Repeat the listing below verbatim, without its images.

*Recorded information*.
Start of Block
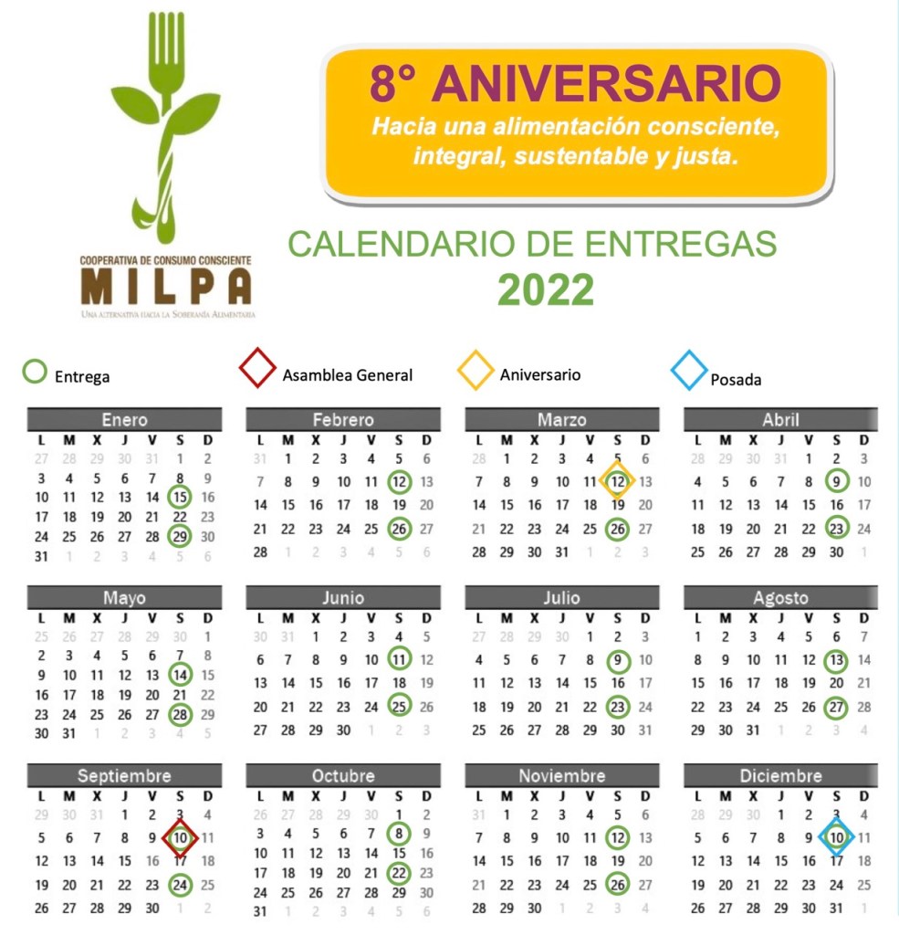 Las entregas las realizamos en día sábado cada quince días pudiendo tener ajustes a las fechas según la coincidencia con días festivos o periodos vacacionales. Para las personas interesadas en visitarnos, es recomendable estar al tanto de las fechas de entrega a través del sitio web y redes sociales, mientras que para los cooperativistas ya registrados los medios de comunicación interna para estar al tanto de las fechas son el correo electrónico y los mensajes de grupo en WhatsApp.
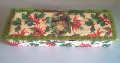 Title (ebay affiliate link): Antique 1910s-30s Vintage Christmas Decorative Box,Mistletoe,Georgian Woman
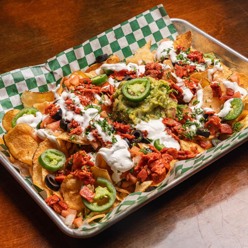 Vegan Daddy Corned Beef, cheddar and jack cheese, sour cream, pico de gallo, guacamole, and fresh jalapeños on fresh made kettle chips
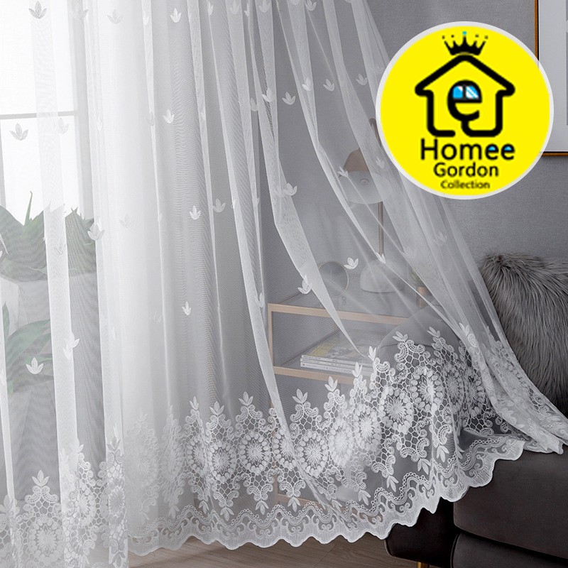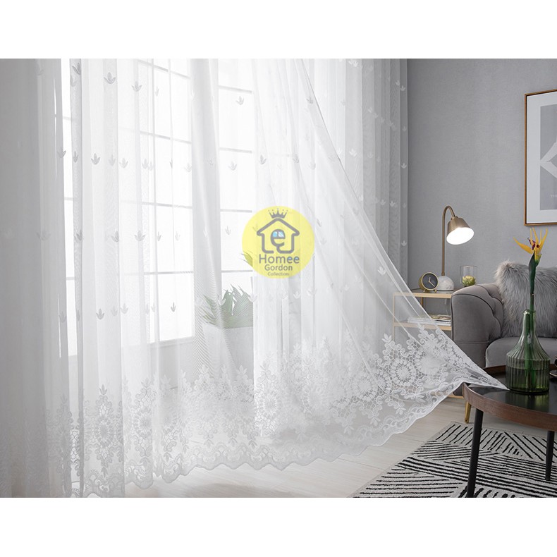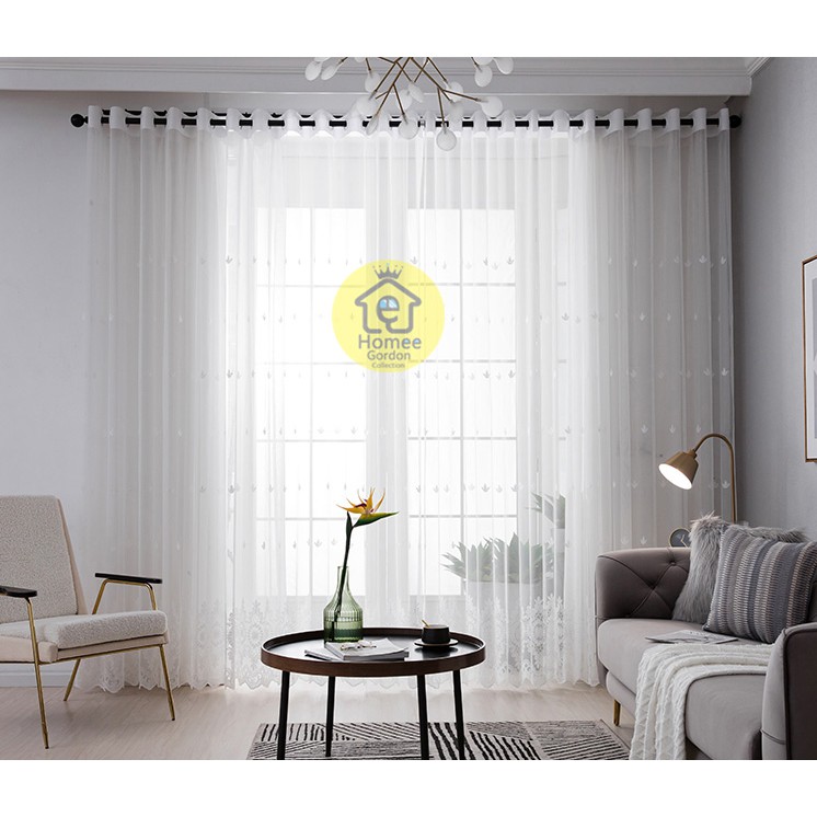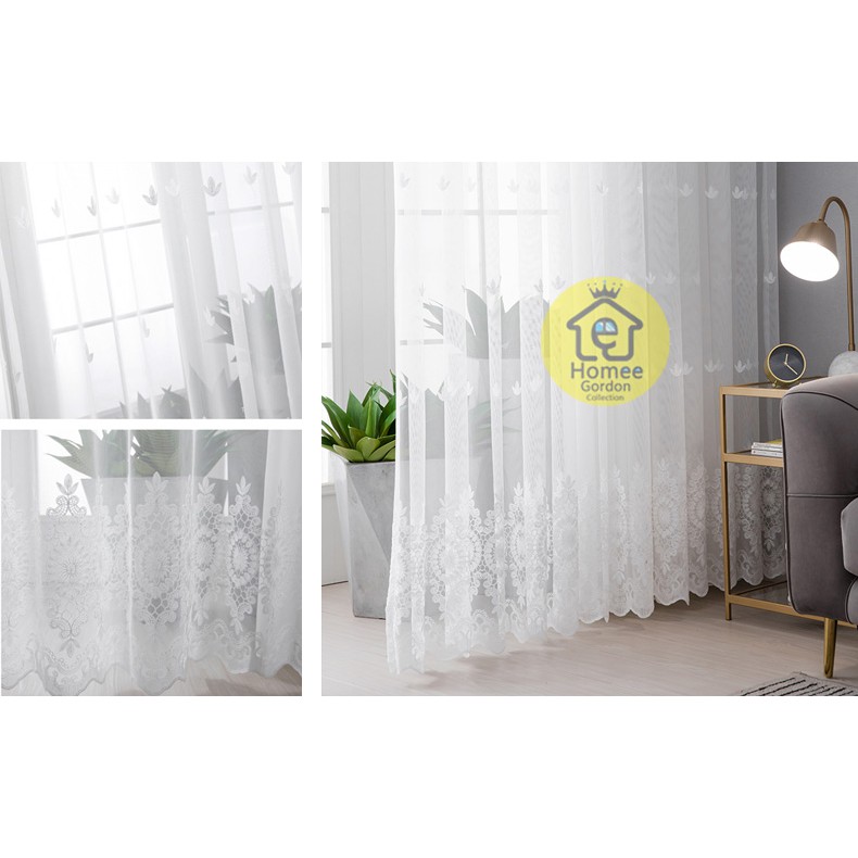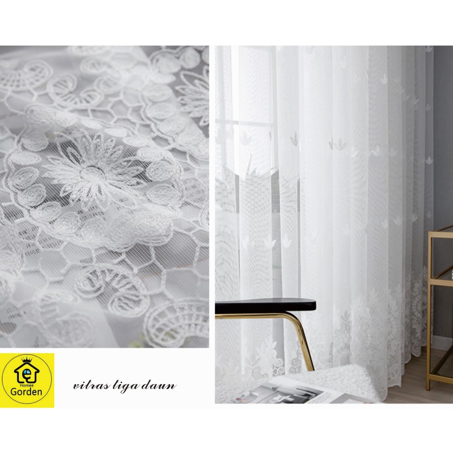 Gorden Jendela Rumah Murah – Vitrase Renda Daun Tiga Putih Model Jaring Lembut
End of Block
*Answer to the problem*.
 Las entregas las realizamos en día sábado cada quince días pudiendo tener ajustes a las fechas según la coincidencia con días festivos o periodos vacacionales. Para las personas interesadas en visitarnos, es recomendable estar al tanto de las fechas de entrega a través del sitio web y redes sociales, mientras que para los cooperativistas ya registrados los medios de comunicación interna para estar al tanto de las fechas son el correo electrónico y los mensajes de grupo en WhatsApp.
 Title (ebay affiliate link): Antique 1910s-30s Vintage Christmas Decorative Box,Mistletoe,Georgian Woman
 Vegan Daddy Corned Beef, cheddar and jack cheese, sour cream, pico de gallo, guacamole, and fresh jalapeños on fresh made kettle chips
 Gorden Jendela Rumah Murah – Vitrase Renda Daun Tiga Putih Model Jaring Lembut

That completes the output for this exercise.